This application claims the priority of Korean Patent Application No. 2002-18026, filed Apr. 2, 2002, in the Korean Intellectual Property Office, the disclosure of which is incorporated herein in its entirety by reference.
1. Field of the Invention
The present invention relates to a method for fabricating a metal oxide thin film by using a chemical vapor deposition method or atomic layer deposition method, and more particularly, to a method for fabricating a metal oxide thin film by using a chemical vapor deposition method or an atomic layer deposition method which uses alcohol vapor as a reactant gas.
2. Description of the Related Art
A chemical vapor deposition method is widely used for forming oxides, nitrides and sulfides of a metal, and metallic thin films. It is also used for forming a polymer or organic thin film. Since thin films fabricated by the chemical vapor deposition method have a characteristic of uniform step coverage in a three-dimensional structure, the chemical vapor deposition is extensively used as a fabrication method of highly integrated devices, particularly, in the semiconductor field.
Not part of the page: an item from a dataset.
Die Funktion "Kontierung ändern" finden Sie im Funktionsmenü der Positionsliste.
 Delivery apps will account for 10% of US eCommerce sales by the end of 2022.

Also, researchers are actively studying on an atomic layer deposition method, which is an advanced form of the chemical vapor deposition, for fabrication of ultra-thin films because perfect step coverage can be obtained from the method, even though there is a shortcoming of slow deposition rate [Nanotechnology 10, pp. 19–24, 1999; and U.S. Pat. No. 4,058,430].
In general, multi-component oxide films, such as BST, STO and PZT, are fabricated by decomposing a precursor in the form of a metal-organic compound comprising metal ions and ligands. The most popular ligands are of β-diketone group [Materials Science Forum Vol. 137–139, pp.473–494, 1993]. As for reactant gases to decompose them, oxygen-containing gases such as oxygen (O2) and ozone have been mostly used [Chem. Vap. Deposition 7, pp.146–149, 2001; and Integrated Ferroelectrics 30, pp.45–52, 2000]
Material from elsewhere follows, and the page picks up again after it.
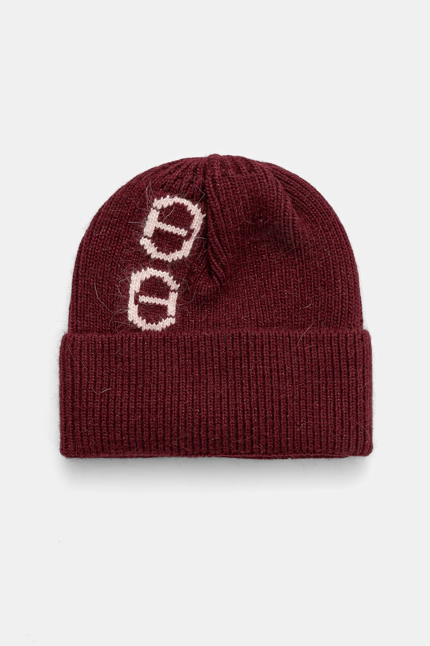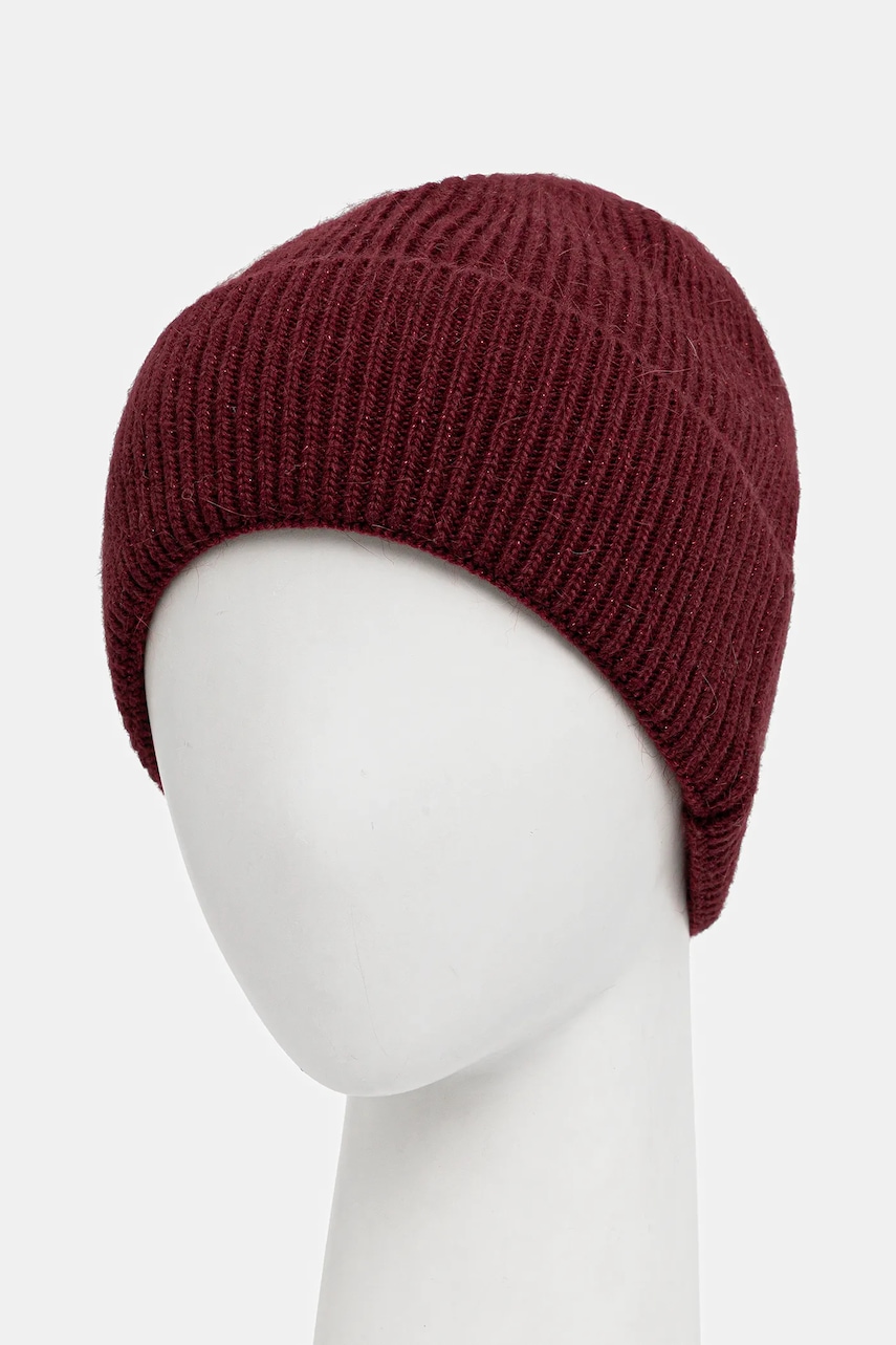 Twinset czapka z dodatkiem wełny kolor bordowy 252TO5201

However, the oxygen-containing gases have a shortcoming of forming a second oxide layer, because they oxidize the deposition surface as well as the precursor. For example, when an oxide film is formed on silicon, which is quick to be oxidized, by using an oxygen-containing gas, a second oxide film is formed between the silicon and the oxide film [Jpn. J. Appl. Phys. 37, pp.3396–3401, 1998; and Chem. Mater. 13, pp.2463–2464, 2001].
Recently, many researchers are studying on the atomic layer deposition of a metal oxide film by using a metal-organic precursor. Here, H2O, which is usually used in this process, hinders a process control, because once H2O is adsorbed into vacuum equipment during process, it is hardly removed [Materials Science and Engineering B41, pp.23–29, 1996].
Besides, since the atomic layer deposition is a method that forms a thin film by the surface reaction between the precursors adsorbed on the surface and the reactant gas, precursors with high reactivity, such as cyclopentadienyl group, alkoxide group or halide group are required necessarily [Science 288, pp.319–321, 2000].
However, as those precursors with high reactivity have a low chemical and thermal stability, it is difficult to secure reproductivity and reliability in the deposition process. On the other hand, precursors of β-diketone group have a relatively excellent chemical, thermal stability, but too low reactivity to be used in the atomic layer deposition. Thus, in order to activate surface reaction, deposition temperature should be raised, or gases with high reactivity such as ozone should be used. Otherwise, plasma-enhanced atomic layer deposition (PEALD) method using plasma should be used [J. Mater. Chem. 7, pp.449–454, 1997; and Korean patent application laid-open publication No. 2000-0049298].